4.2 A IMAGEM PÚBLICA DA PSICOMETRIA

Quanto à sua imagem pública, a psicometria não goza de boa reputação (Carroll, 1997). Segundo Carroll (1997), ao longo da história certas interpretações do campo da psicometria têm conseguido concentrar a atenção do público leigo, fornecendo uma imagem muito negativa quanto aos estudos psicométricos, e obscurecendo a real natureza desse campo do conhecimento. Algumas interpretações geradoras de repercussão negativa são as seguintes:

1. A genética é o componente mais importante para a definição da inteligência humana. Baixos escores em testes de QI implicam em uma baixa condição intelectual por meio de fatores genéticos.

2. Diferenças de escores em testes de QI entre indivíduos brancos e negros são explicadas por meio de causas genéticas. Os indivíduos negros, pois, são inferiores aos indivíduos brancos, em termos intelectuais.

3. O fator g dá conta de explicar sozinho a natureza da inteligência humana.
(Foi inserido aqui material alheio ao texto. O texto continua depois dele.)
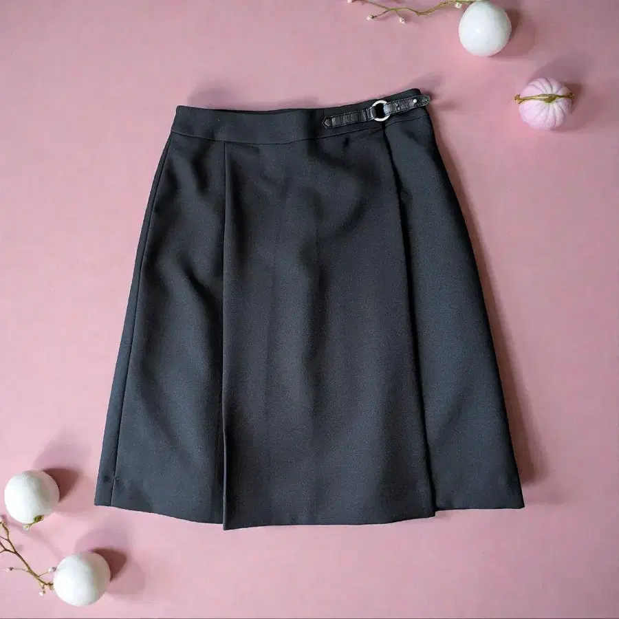 블랙 사이드 벨트 플리츠 스커트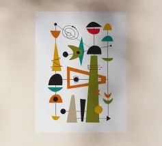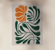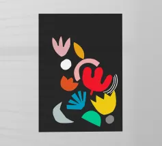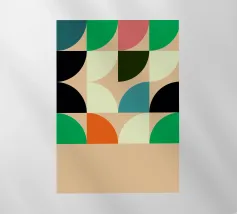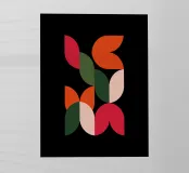 Un'opera d'arte astratta botanica, in cui audaci petali sovrapposti in vibranti rossi, verdi e morbidi beige creano un'armoniosa danza di colori e forme. Questo design sorprendente dona un tocco moderno e ispirato alla natura a qualsiasi spazio, perfetto per tele, poster o abbigliamento.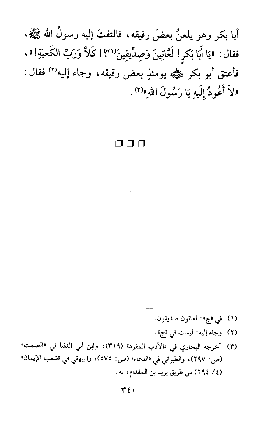 أبا بكر وهو يلعن بعض رقيقه، فالتفت إليه رسول الله صلى الله عليه وسلم، فقال: ((يا أبا بكرٍ! لعانين وصديقين؟! كلا ورب الكعبة!))، فأعتق أبو بكر رضي الله عنه يومئذٍ بعض رقيقه، وجاء إليه فقال: ((لا أعود إليه يا رسول الله)).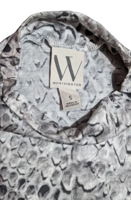 🌻 Camiseta de manga larga cuello alto 🖤🩶. 🌻 Camiseta Worthington de manga larga cuello alto 🙂 estampado animal, serpiente 👌🌻Tela elástica 😉🌻 Talla S pero también puede quedar a una talla M 😉👌🌻Uso diario, casual, también puedes usarlo de formal en una fiesta, hogar, escuela, salida nocturna 👌😉🌻 Súper cómoda y hermosa 😍🌻¡Te encantará!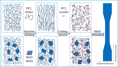 众所周知,石墨烯由sp2杂化的碳原子紧密排列而成,其中碳-碳键长约为0.142nm,相邻两个六圆环的面心距为0.246nm。石墨烯片层表面与聚己内酯(PCL)片晶间存在晶格匹配关系,可诱导PCL分子链在其表面附生结晶,从而产生“物理铆合”作用,显著提高二者之间的界面粘结性(Ind. Eng. Chem. Res.2013. 52, 15824-8)。研究人员继而研究了注塑过程中石墨烯对PCL分子取向与结晶的影响,发现在附生结晶和空间限制双重作用下PCL分子链的松弛抑制现象(Compos. Sci. Technol.http://dx.doi.org/10.1016/j.compscitech.2014.03.012),这为制备高各向异性高分子复合材料提供了基础。研究人员还通过静电吸附制备了UHMWPE/石墨烯抗静电复合材料,由于形成了石墨烯三维网络结构,所以具有较低的导电逾渗值(Compos. Sci. Technol.2013. 89, 180-5;中国发明专利申请号:201310317580.2)。以上研究得到国家自然科学基金(51273210;51273207;51003117)和宁波市重点科技创新团队(2009B21008)的支持,并作为研究基础申请获批宁波市石墨烯产业化应用开发专项1项(2013B6009)。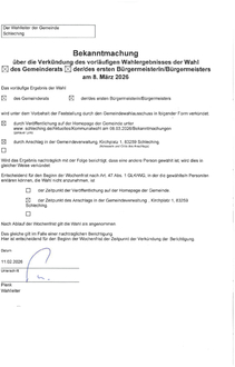 Nächster Artikel: Bekanntmachung der Sitzung des Wahlausschusses zur Feststellung des abschließenden Ergebnisses der Wahl des Gemeinderates, d.ersten Bürgermeister(in) am 08.März 2026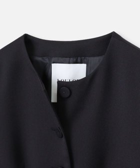 少しだけウールが入った、ツイル素材のノーカラージャケット。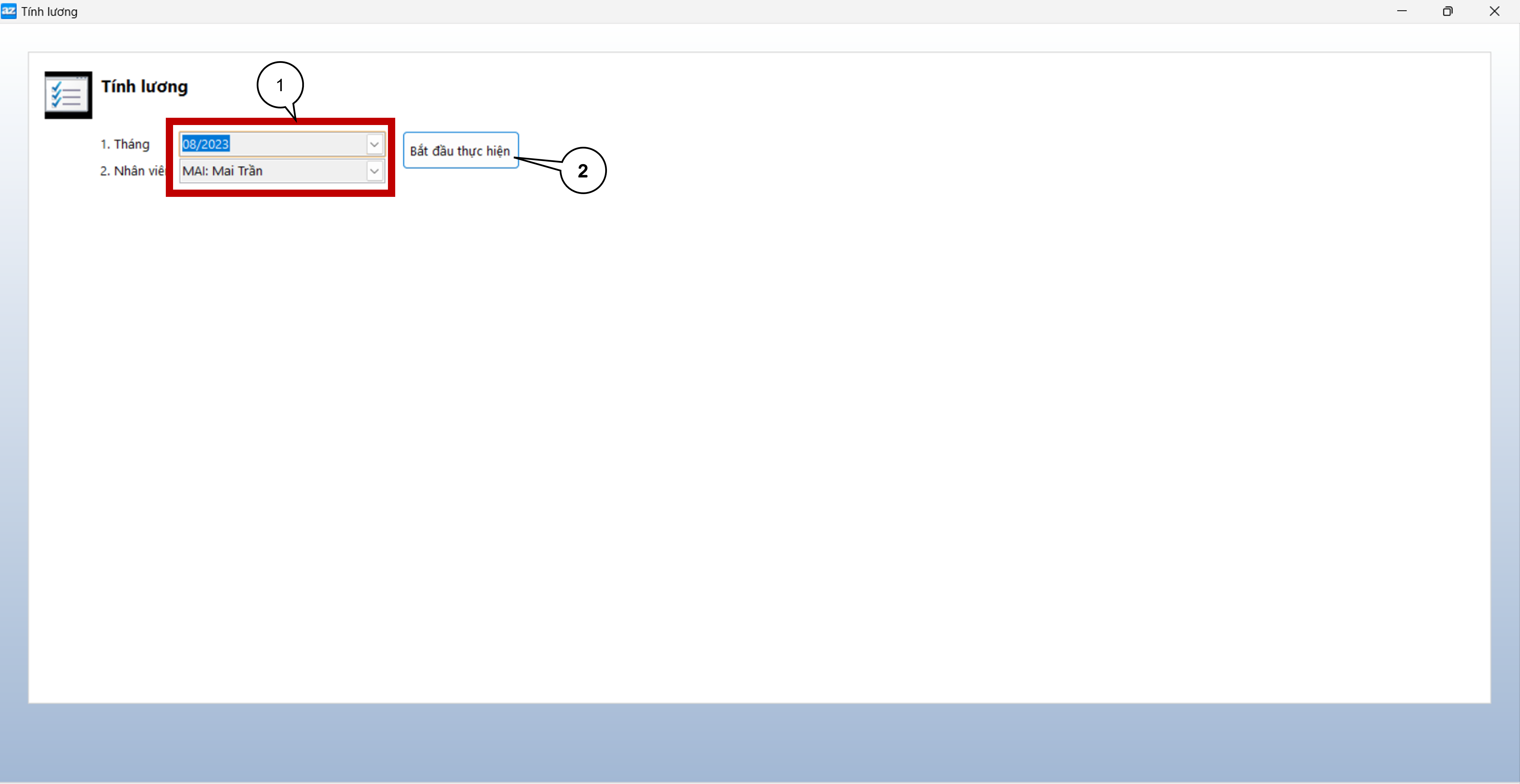 Bước 2: Hộp thoại xuất hiện bạn nhập các thông tin cần thiết vào tháng cần tính lương rồi nhấn Bắt đầu thực hiện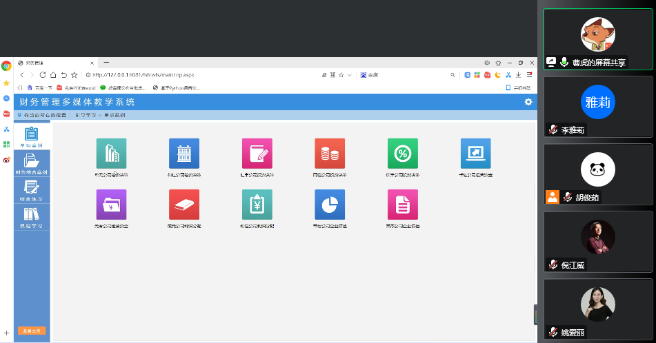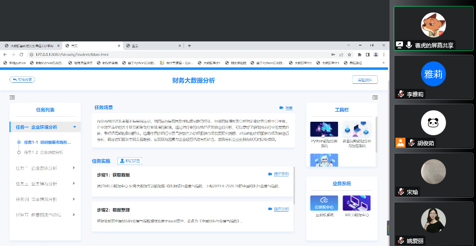 福思特公司工程师曹虎以本公司财会大数据系统的整体框架为切入点,以财务管理、大数据基础与实务两门课程为例,详细介绍了公司在“数智财会”领域的探索与研究成果,演示了财务管理课程实训平台,融合教与学的多种功能,能够实现财务管理理论与案例实操的迁移。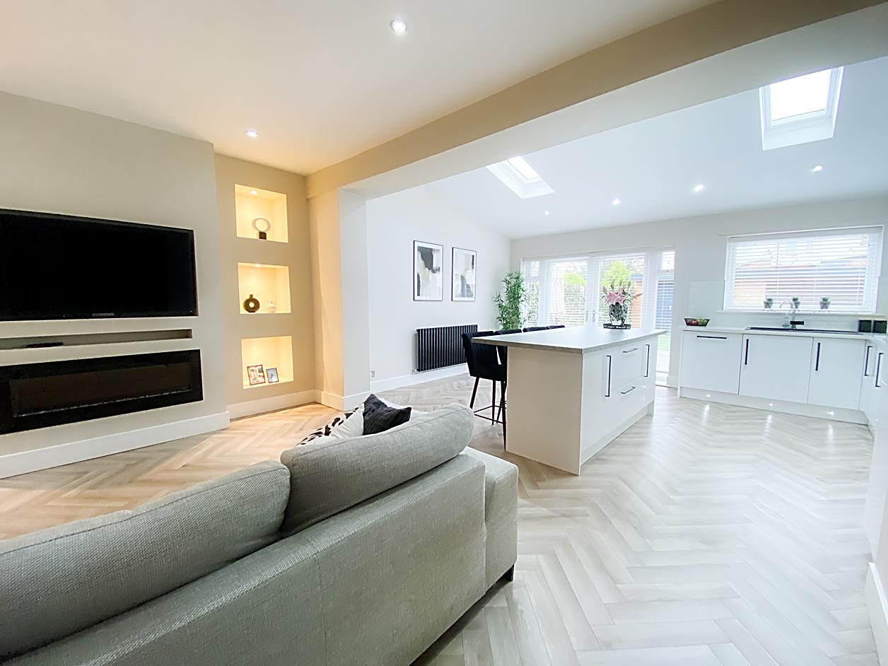 Living Area - 4.94 x 3.63 (16'2" x 11'10") - Feature media wall with living flame effect inset fire and lighting, vertical radiator, wood effect herringbone flooring. Open plan to kitchen area.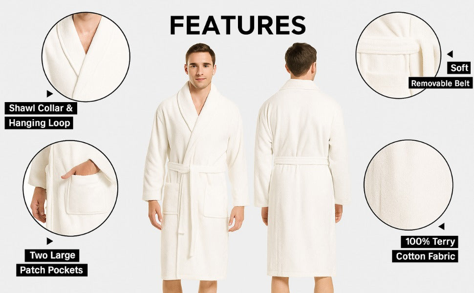 Material: 100% Cotton LUXURY DESIGN : The best hotel quality bathrobe, complete with a fluffy outside and soft fleece...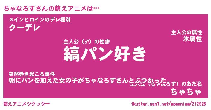 | 男性向けラノベタイトル風あだ名 | 『ちゃなろすの憂鬱』 |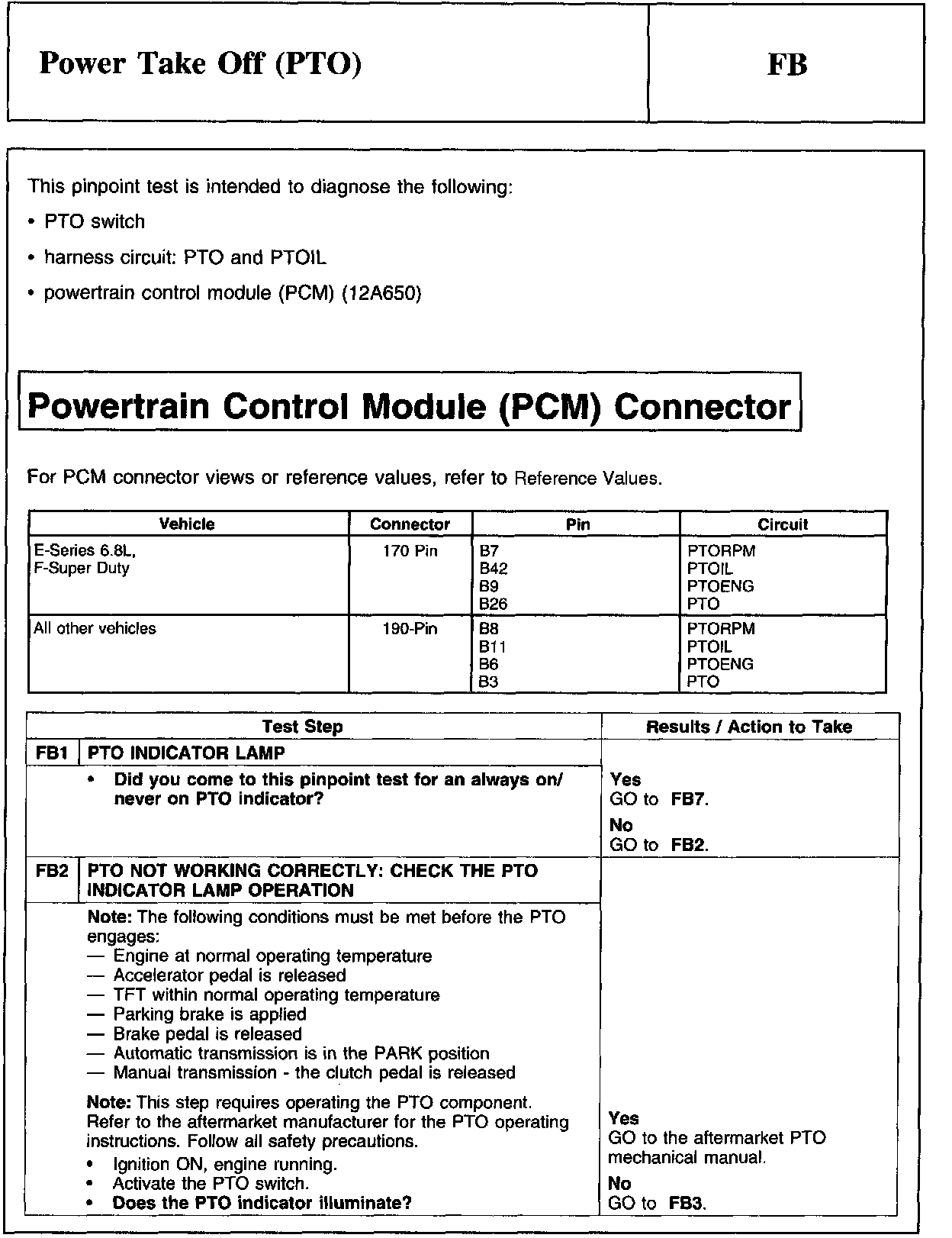 PINPOINT TEST FB: POWER TAKE OFF (PTO)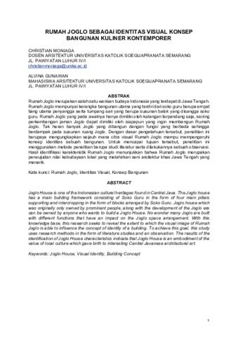 MONIAGA, CHRISTIAN (2019) RUMAH JOGLO SEBAGAI IDENTITAS VISUAL KONSEP BANGUNAN KULINER KONTEMPORER. TUTUR RUPA, 1 (2). pp. 13-22. ISSN 2088-1061

Carroll (1997) discorda dessas interpretações, defende que esses pontos não representam bem as evidências fundamentais desse campo do conhecimento, e demonstra que a maior parte dos resultados de pesquisas oriundas da psicometria possuem uma sólida base conceitual e metodológica. Segundo seu argumento, os três aspectos comentados, como outros pontos polêmicos, representam interpretações errôneas de alguns autores da psicometria sobre dados complexos e complicados de serem interpretados e analisados. Carroll (1997) chama a atenção para o fato de que nenhum desses pontos são evidências fortes da psicometria, mas apenas interpretações e pontos de vista de má qualidade sobre dados de pesquisas.

Ao criticar essas interpretações, Carroll (1997) define alguns pontos cruciais para responder pelas evidências e interpretações da área. Alguns dos pontos abordados são os seguintes:

1. A psicometria é uma área respeitável e rigorosa do conhecimento científico. Seu rigor provém de tecnologias finas e acuradas para a construção e a análise de variáveis psicológicas. Por meio da construção de instrumentos específicos de mensuração, a psicometria é capaz de obter escores sobre diversas funções da mente humana, identificando um largo conjunto de habilidades cognitivas, através das diferenças individuais.

2. Os modelos da inteligência elaborados pela psicometria definem um vasto conjunto de habilidades cognitivas, identificando desde a presença de habilidades extremamente especializadas, até a presença de uma habilidade cognitiva geral, denominada de fator g. Nesse sentido, a inteligência é definida como um amplo conjunto de fatores, tanto especializados, como gerais, respondendo ambos pela performance intelectual das pessoas.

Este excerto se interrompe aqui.